The problem has been investigated in cooperation with Oracle and NetApp support and we have identified several problems, which could have caused or contributed to the lost writes but the true root cause was never fully confirmed.

The most likely cause was related to NFS storage configuration. Addition of "-p" flag to the execution of "reallocate" operation – to redistribute data over available disks – was introduced just 2 weeks before the 1st incident and no new incidents were observed when this flag was removed after 15th January. It cannot be proved for sure that this was the root cause, but we cannot take the risks of re-enabling the "-p" option for the critical ADCR database and we could not reproduce the problem elsewhere.

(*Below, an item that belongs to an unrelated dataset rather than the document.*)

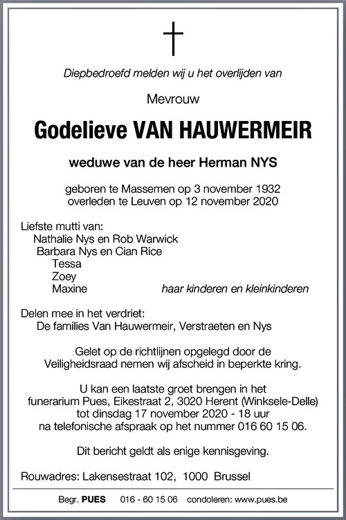 Godelieve Van Hauwermeir Geboren: 3 november 1932 42 — Massemen Overleden: 12 november 2020 — Leuven |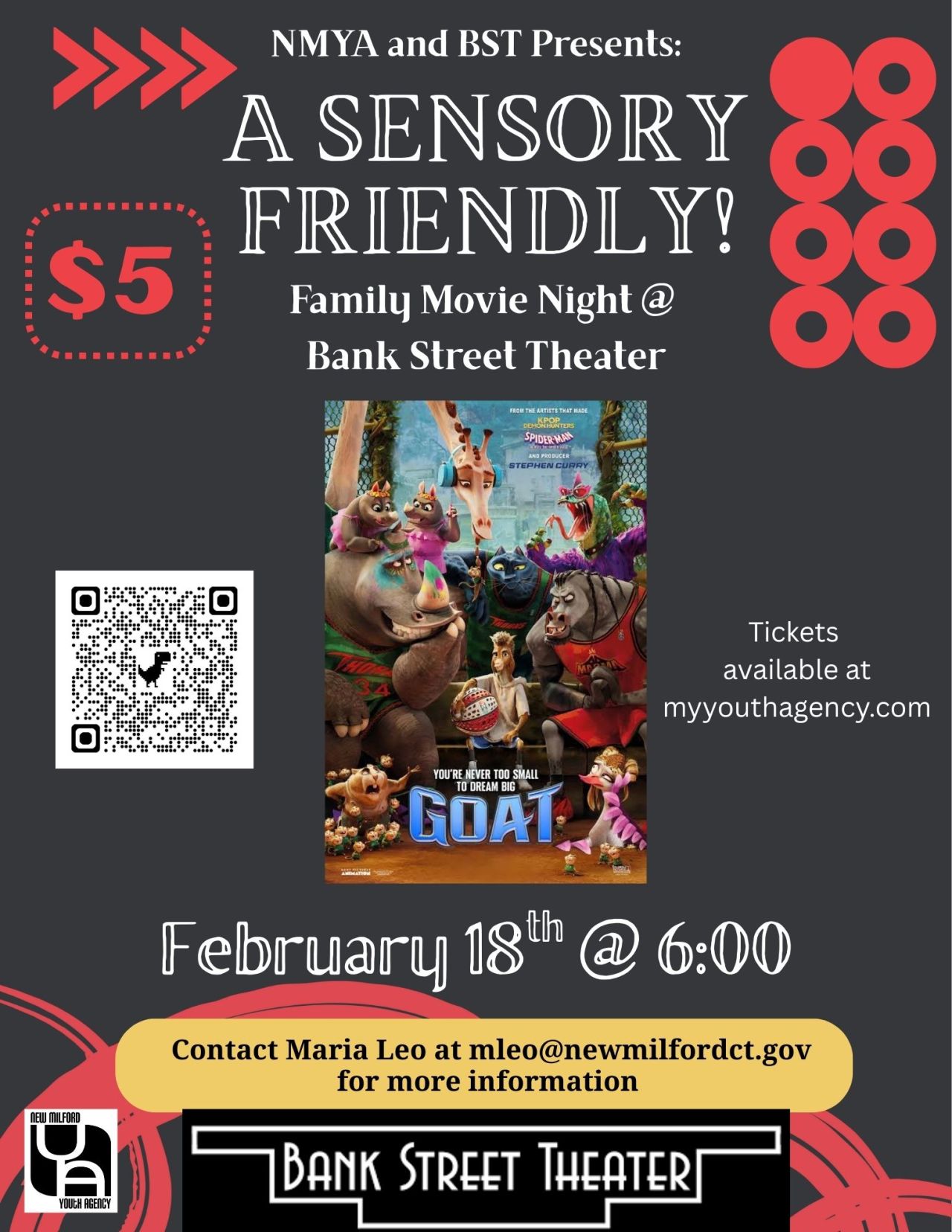 NMYA and BST presents a sensory friendly family movie night. February 18th at 6 pm Contact Maria Leo at mleo@newmilfordct.gov for more information.

For the last incident on 15th January RAC related bug was considered as 2 instances had written the same block at the same time/SCN and none of those writes made it to the disk. Oracle RAC development team was investigating a possibility of in-RDBMS clash between those 2 writes resulting with lost IOs, however they did not make any final conclusions. We were asked to put some additional database parameters in place to enable further analysis in case of new incidents, but we couldn't enable them on ADCR due to high performance overhead, and moreover there were no new incidents since then.

Previous incidents did not follow the same write pattern, for example only 1 instance was writing block in the incident that happened on 1st Dec. Also in all incidents apart from the last one INDEX blocks were affected, which might suggest the last incident has a different root cause.

We also observed large number of direct NFS read errors in affected systems. They didn't seem to be fatal and happened mostly for redo log archival operations (ARC process or RMAN sessions), but were also visible in a small number of end user / application sessions. The cause of dNFS errors was identified as DNS load balancing for storage server IPs. It cannot be excluded that some of these errors caused lost writes, although there is no direct evidence either.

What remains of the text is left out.